I bet he was, some high school kid who’d hitched himself to a star like Tania’s. I bet he’d annoyed a lot of people. It was amazing no one had tried to murder him.

“So . . .”—Tania picked harder at her toe—“I started going out to auditions on my own, jobs I heard about through other girls. I didn’t want to make Gary mad. I did it because I loved him, and I wanted to prove what we had was special. I thought things would get better when I got some work. He was so stressed out because I wasn’t really making a lot of money for us,” Tania said. “It was my fault, really. He’d get so stressed, he’d say things he didn’t mean.”

“What kinds of things?” I asked, keeping my voice neutral with an effort. I wanted to go back out onto the deck, find Cooper, and tell him to go after this Gary guy with everything he had—including, and most especially, his gun.

But I knew I had to get the whole story first. Besides, no one knew better than I did that violence doesn’t solve anything. Most of the time.

“Oh,” Tania said with a shrug, still picking at her toe, “stupid things, like I was never going to make it because I wasn’t talented enough and maybe I should quit.”

The lyrics from her hit song “So Sue Me,” the one that was so different from her others, popped into my head.

All those times you said

I’d never make it

All those times you said

I should quit

“But that didn’t make any sense, because if I quit, then we’d have no money,” Tania said. I noticed her eyes were filled with tears. “And then when I did get work,” she went on, “he’d get so mad, because of course the jobs were never through his contacts. I’d have to pretend they were, you know, make things up, like that someone he’d called had hired me instead of someone I knew. Otherwise, the things he’d say . . . they were even worse.”

“Like what?” I asked carefully.

All those times you said

I’m nothing without you

The sad part is

I believed it too

“I don’t know,” she said, her shoulders hunched defensively. “Just . . . things.”

Then I left and

What do you know

I made it on

My very own

“Tania,” I said, still keeping my voice neutral, “did Gary hit you?”

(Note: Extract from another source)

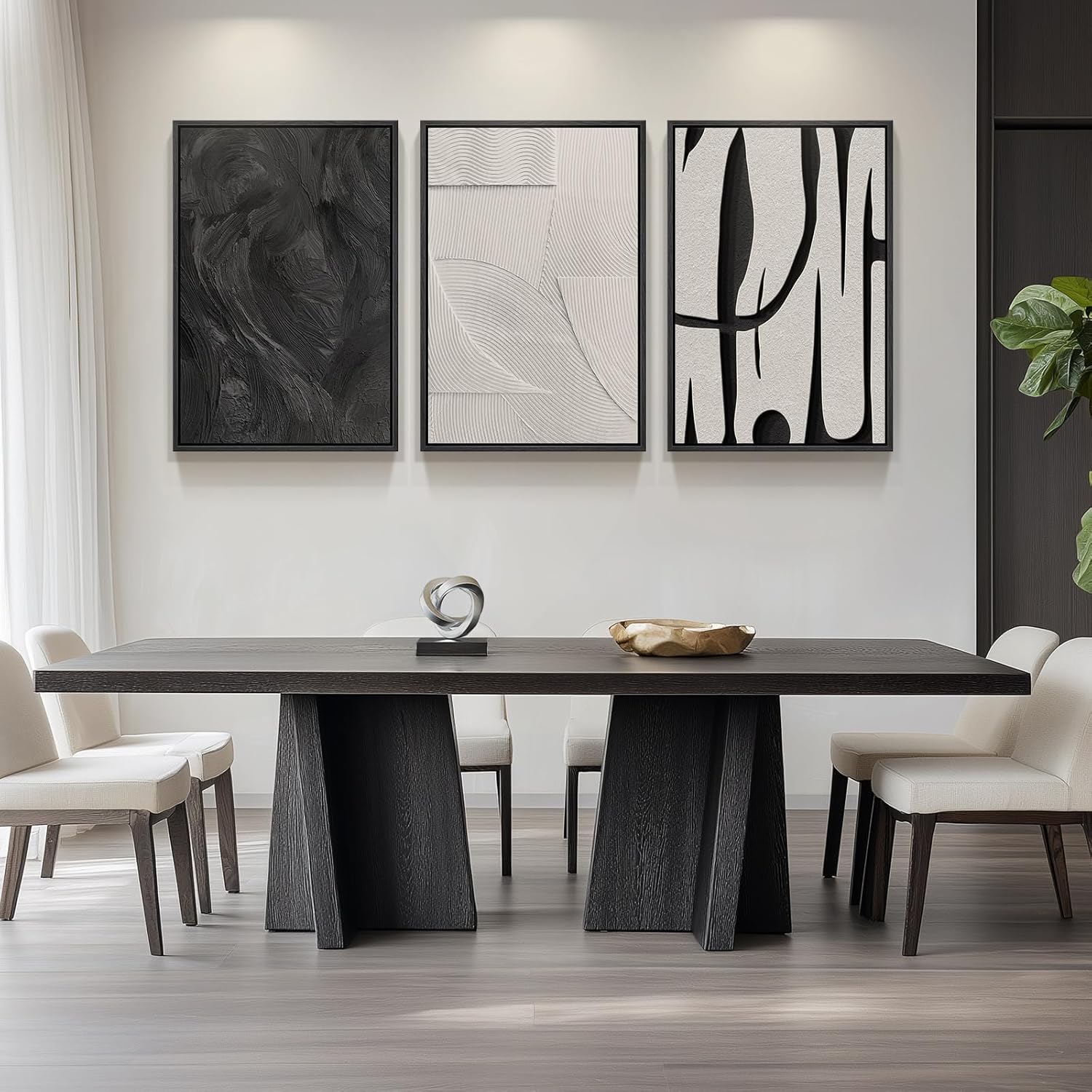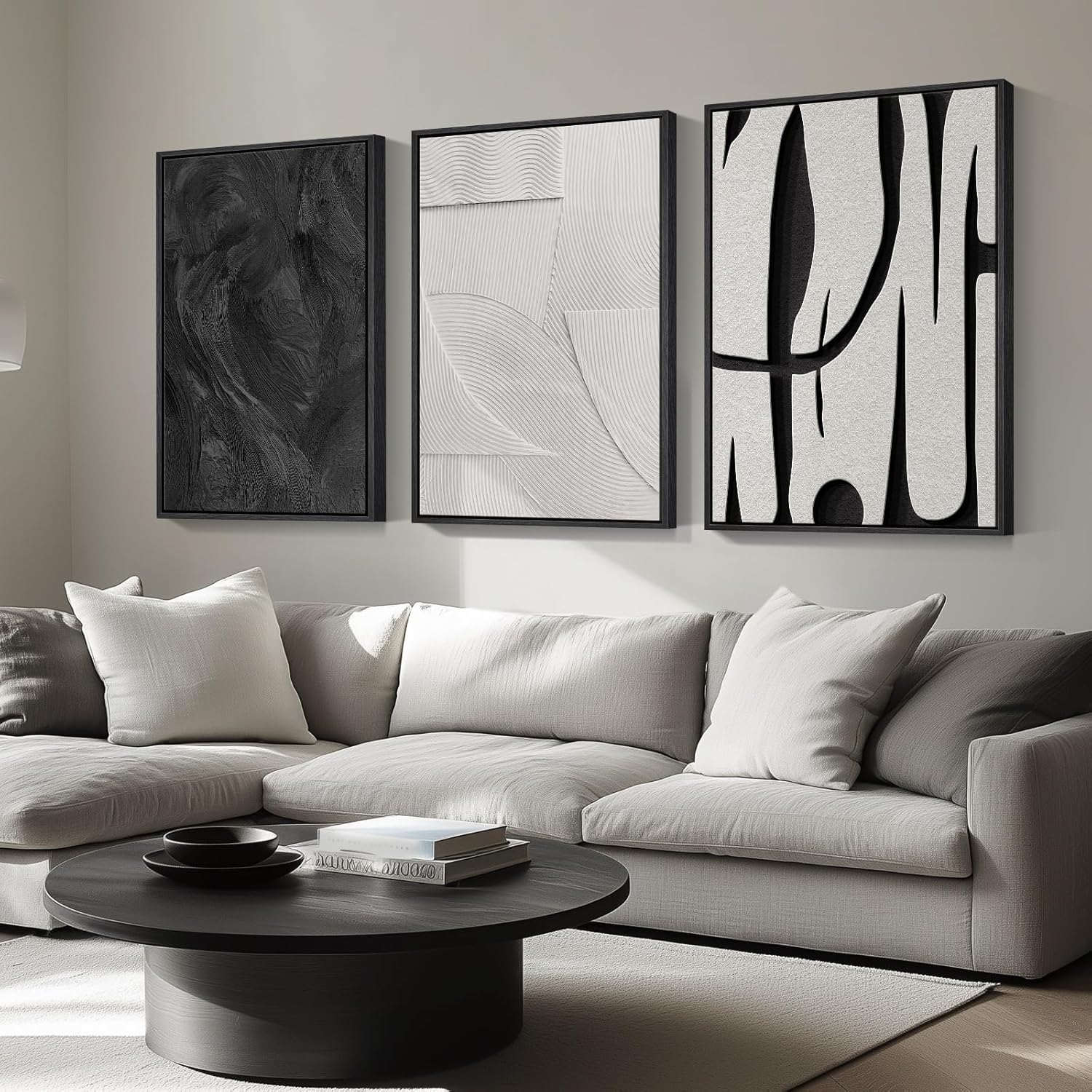 [Framed Wall art]: A set of 3 large contemporary minimalist black and white abstract wall art each 24×36 inches, 3 pieces totaling 36″ H x 72″ W. The frame is sturdy and the simple and stylish black frame blends perfectly with a variety of decorative styles

“Oh,” Tania said, in dismay. “Oh no. Not again.”

I looked down and saw that blood was welling from her toe. She’d peeled off the nail polish and in doing so had ripped part of the nail. Her face crumpled.

“I don’t want to get blood on their furry thing,” she said, tears flowing down her face.

“Don’t worry,” I said, though my heart had begun to race. She’d ripped part of her own toenail off, right in front of me, when I’d asked if Gary ever hit her. “Here, I have a Band-Aid.”

My fingers shaking, I reached for my purse. I had tucked a handful of adhesive bandages into it before leaving home in anticipation of the blisters I was going to get from my high heels . . . although truthfully, I nearly always had a Band-Aid or two with me. It was another symptom of the hypervigilance from which I suffered, working in Death Dorm. Though how a Band-Aid would have helped Jared today, I don’t know. I didn’t know how it was going to help Tania, either. I knew only I had to try.